Achieving better quality with less money
Medicare & Reimbursement Advisor Weekly, June 10, 2009
Maybe it’s the fact that access to doctors is down. Maybe it’s that the economy has hurt sales for many drugs, particularly those for chronic conditions. Or maybe it’s the heightening restrictions managed care and Medicare are putting in place as they try to figure out how to pay for all pharmaceutical therapy. Whatever it is, more and more managed markets, research, and brands are turning their attention to nontraditional segments—especially hospitals. More and more of you are trying to find opportunities for account sales teams to talk to health system leaders and understand what keeps hospitals up at night, how and when hospitals generate scripts, how quality and C-suite directors influence pharmacy decisions, and, above all, the power of the script that starts with a hospitalist and a discharge plan.
With this in mind, here’s some insight from the HealthLeaders hospital quality department (the full article appears at http://www.healthleadersmedia.com/content/234047/topic/WS_HLM2_QUA/Making-Sense-of-How-Better-Quality-Can-Be-Achieved-with-Less-Money.html).

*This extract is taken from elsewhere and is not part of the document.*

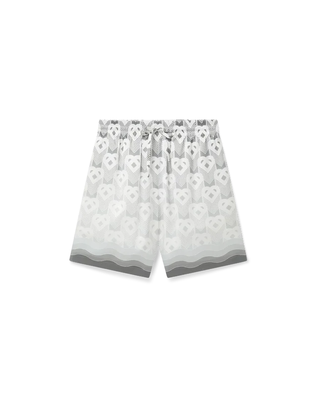 Die Seidenshorts mit Herz-Monogramm im Farbverlauf sind mit einem Allover-Print versehen, der das Herz-Monogramm des Hauses auf dem silbernen Farbverlaufshintergrund dieser Saison zeigt. Sie sind aus Monogramm-Seidensatin gefertigt und mit einem elastischen Bund, einem Kordelzugverschluss, Seitentaschen in den Beinen, einer aufgesetzten Gesäßtasche und einem vom Memphis-Wave-Stil inspirierten Saumdetail im Farbverlauf versehen.

Eleven process measures provided at least 25 observations for a majority of hospitals in a recent Health Affairs study: aspirin at arrival and discharge and beta-blocker prescription at arrival and discharge (for AMI); assessment of left ventricular function, provision of discharge instructions, and angiotensin converter enzyme inhibitor or angiotensin receptor blocker prescription for patients with left ventricular systolic dysfunction (congestive heart failure); blood culture performed before receiving the first antibiotic in the hospital, first dose of antibiotic within four hours of admission, initial antibiotic selected appropriately, and assessment of arterial oxygenation within 24 hours of arrival (pneumonia).
The researchers constructed a measure of spending that reflected only the specific use of services to explain a large amount of hospital spending: number of hospital days, total physician visits, ICU days, and the ratio of specialist to primary care physician visits at the end of life. (This means that the influence of varying reimbursements linked to graduate medical education, Medicare disproportionate share payments, and geographical price adjustments were removed.)
What they found after all this is that by examining process of care measures, hospitals that provide more intensive and costly care do not necessarily provide better quality care, as measured by the percentage of patients who are given evidence-based treatments.